Fellow Physician Washington University in St. Louis School of Medicine St. Louis, Missouri, United States
Background: Pulmonary hemorrhage in extremely low birth weight (ELBW) infants is a catastrophic event with significant mortality, upwards of 50%. However, the clinical ability to predict pulmonary hemorrhage is poor and there are no tools to aid in detection. Recent advances in machine learning may allow identification of subclinical physiologic biomarkers to provide early warning. Objective: To identify candidate physiologic biomarkers using heart rate (HR) and pulse oximetry (SpO2) predictive of pulmonary hemorrhage events in ELBW infants. Design/Methods: Vital sign data from preterm infants with birth weight < 1000g were retrospectively accessed from two level IV NICUs. At both sites, vital sign data (including HR and SpO2) are archived for research with data sampled every two seconds throughout NICU hospitalization. Infants with pulmonary hemorrhage were identified; the timing of the event and relevant clinical data were recorded. Using HR and SpO2 data from 24 hours before and after the hemorrhage event, we calculated hourly cardiorespiratory deterioration risk scores using a machine learning model developed to predict sepsis (called pulse ox warning system, POWS). POWS input features include the mean, standard deviation (SD), skewness, kurtosis and cross correlation of HR/SpO2. We evaluated POWS and individual input features by plotting each as a function of time to clinical diagnosis. Results: We analyzed 29 infants with mean BW=695g, gestational age=25 weeks, 39% female, and 31% mortality. POWS demonstrated a two-fold rise, starting approximately 6 hours before the hemorrhage event (Figure 1). Examining individual POWS features, HR standard deviation increased, and HR skewness decreased in the hours before clinical diagnosis (Figure 2) and simultaneous increase in the standard deviation of SpO2 (Figure 3). Other features did not demonstrate a dynamic change near pulmonary hemorrhage diagnosis.

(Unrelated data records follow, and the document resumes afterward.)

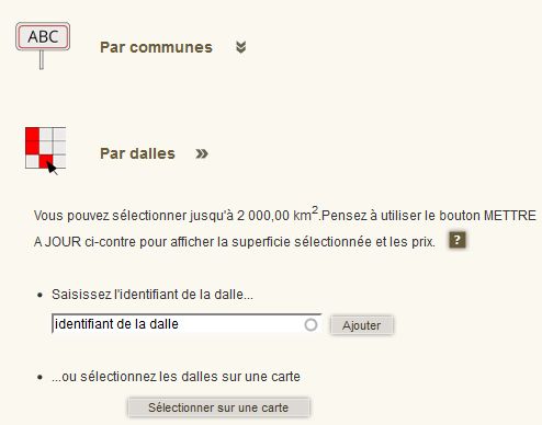 La constitution d'un jeu de données nécessite souvent de télécharger plusieurs produits complémentaires. Il faut veiller à toujours choisir le même système de coordonnées lors de la commande. Par défaut le système offre le système Lambert 93 qui a remplacé tous les autres systèmes de coordonnées en tant que système légal pour la métropole depuis le printemps 2009. Certaines données en Lambert 2 sont toujours disponibles mais ne rentrent pas dans le cadre de la convention de mise à disposition gratuite.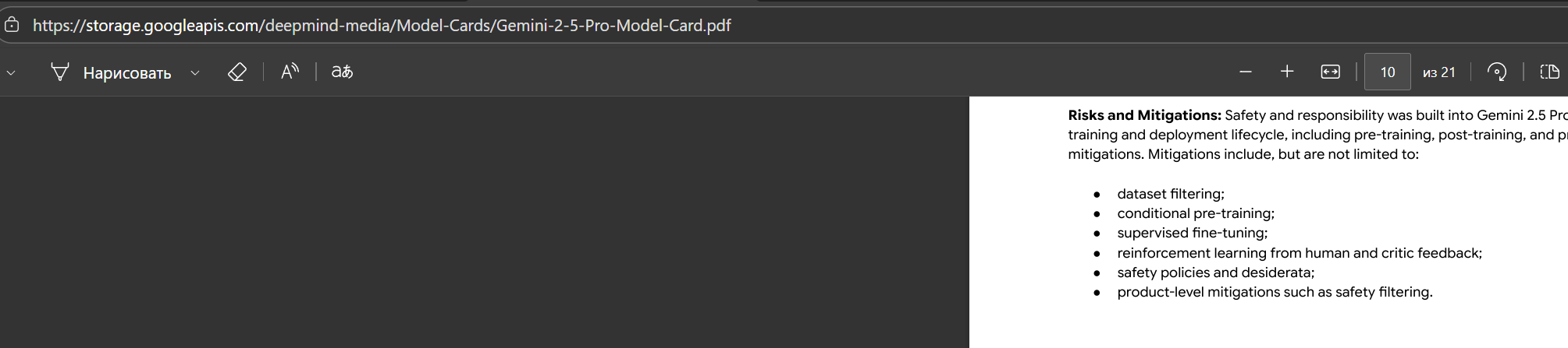 Политика безопасности Политика безопасности Gemini направлена на то, чтобы предотвратить создание нашими моделями генеративного ИИ вредоносного контента, в том числе:
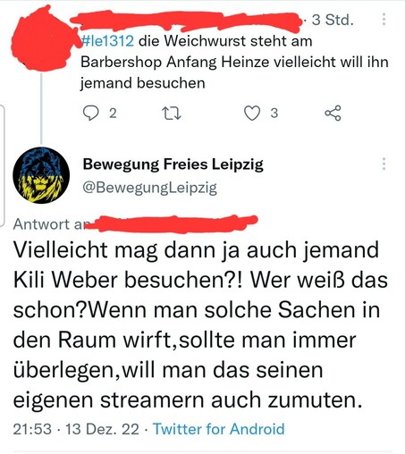 Die "friedlichen" rechten Montagsdemonstrant*innen mit ihren "friedlichen" Überlegungen mich mal "besuchen" zu kommen.

Conclusion(s): Using a machine learning model developed to predict cardiorespiratory deterioration due to sepsis, we identified signatures of pulmonary hemorrhage preceding the clinical diagnosis in data from two NICUs. Although additional validation is needed, this promising tool offers the potential for early diagnosis of pulmonary hemorrhage, which could allow for earlier interventions and improved outcomes.